Task prompt: Without the pictures, restate all of the data below word for word.

Given data:
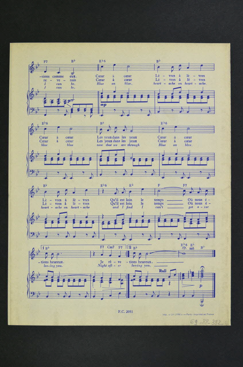 chanson, petit format, partition de musique, Coeur à coeur
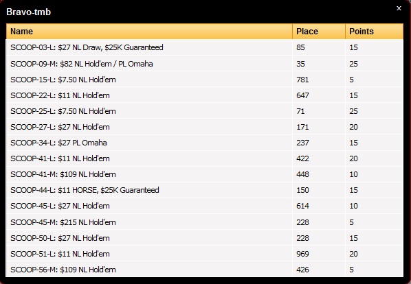 Скуп прошел для меня неплохо, но в минус. Я отыграл почти все турниры в категории лоу и треть в категории мидл. Попал наверно рекордное для себя количество раз в итм. Был один раз 2 день в лоу, далекий проход в мидл, и еще в двух турнирах миддл выставлялся на пребабле за чиплидерский стек, но проигрывал. В целом сложись несколько аллинов в мою пользу и мог быть успех, а так по факту выступил неудачно в который раз.
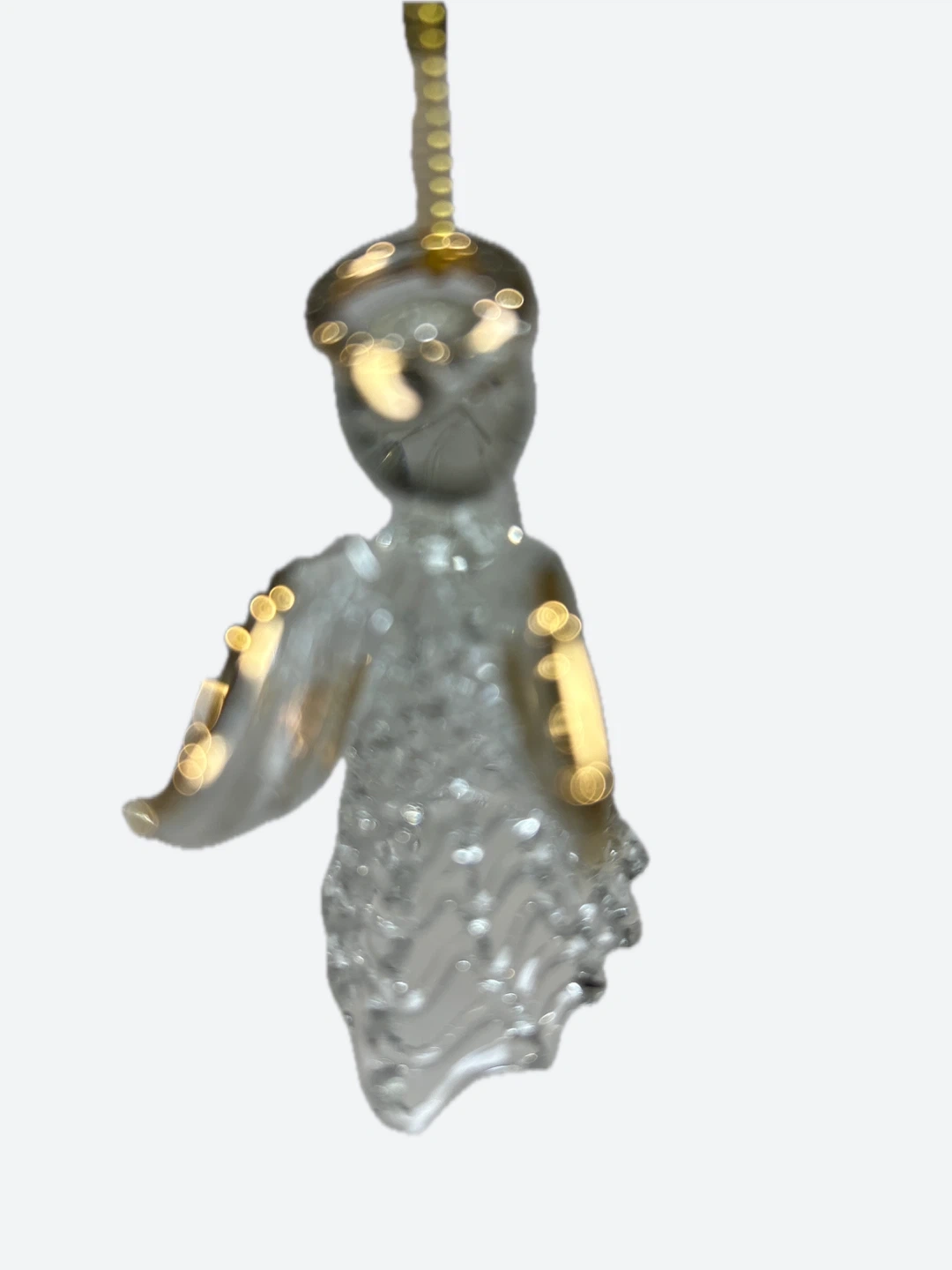 This delicate glass angel ornament features a clear, textured body with subtle gold accents on the wings and halo. It hangs from a golden string, ready to adorn a tree or window. Adds a touch of sparkle and charm to any holiday display! Collectible. New
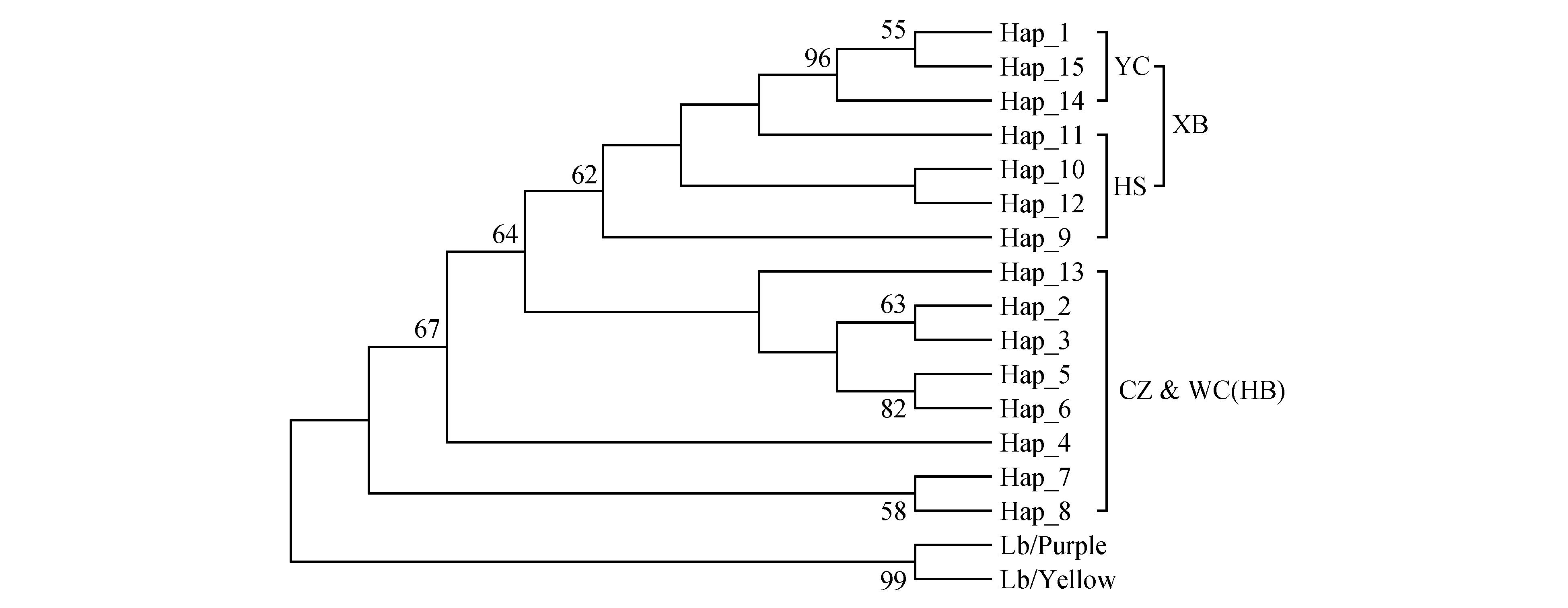 居群 Population | 单倍型数 Number of haplotype (n) | 单倍型(个体数量) Haplotypes and number of individuals | 单倍型多样性 Haplotype diversity | 核苷酸多样性 Nucleotide diversity | 核苷酸平均差异 Average number of nucleotide differences | 中性检验 Neutrality test | |

Solution below:
 chanson, petit format, partition de musique, Coeur à coeur
 Скуп прошел для меня неплохо, но в минус. Я отыграл почти все турниры в категории лоу и треть в категории мидл. Попал наверно рекордное для себя количество раз в итм. Был один раз 2 день в лоу, далекий проход в мидл, и еще в двух турнирах миддл выставлялся на пребабле за чиплидерский стек, но проигрывал. В целом сложись несколько аллинов в мою пользу и мог быть успех, а так по факту выступил неудачно в который раз.
 This delicate glass angel ornament features a clear, textured body with subtle gold accents on the wings and halo. It hangs from a golden string, ready to adorn a tree or window. Adds a touch of sparkle and charm to any holiday display! Collectible. New
 居群 Population | 单倍型数 Number of haplotype (n) | 单倍型(个体数量) Haplotypes and number of individuals | 单倍型多样性 Haplotype diversity | 核苷酸多样性 Nucleotide diversity | 核苷酸平均差异 Average number of nucleotide differences | 中性检验 Neutrality test | |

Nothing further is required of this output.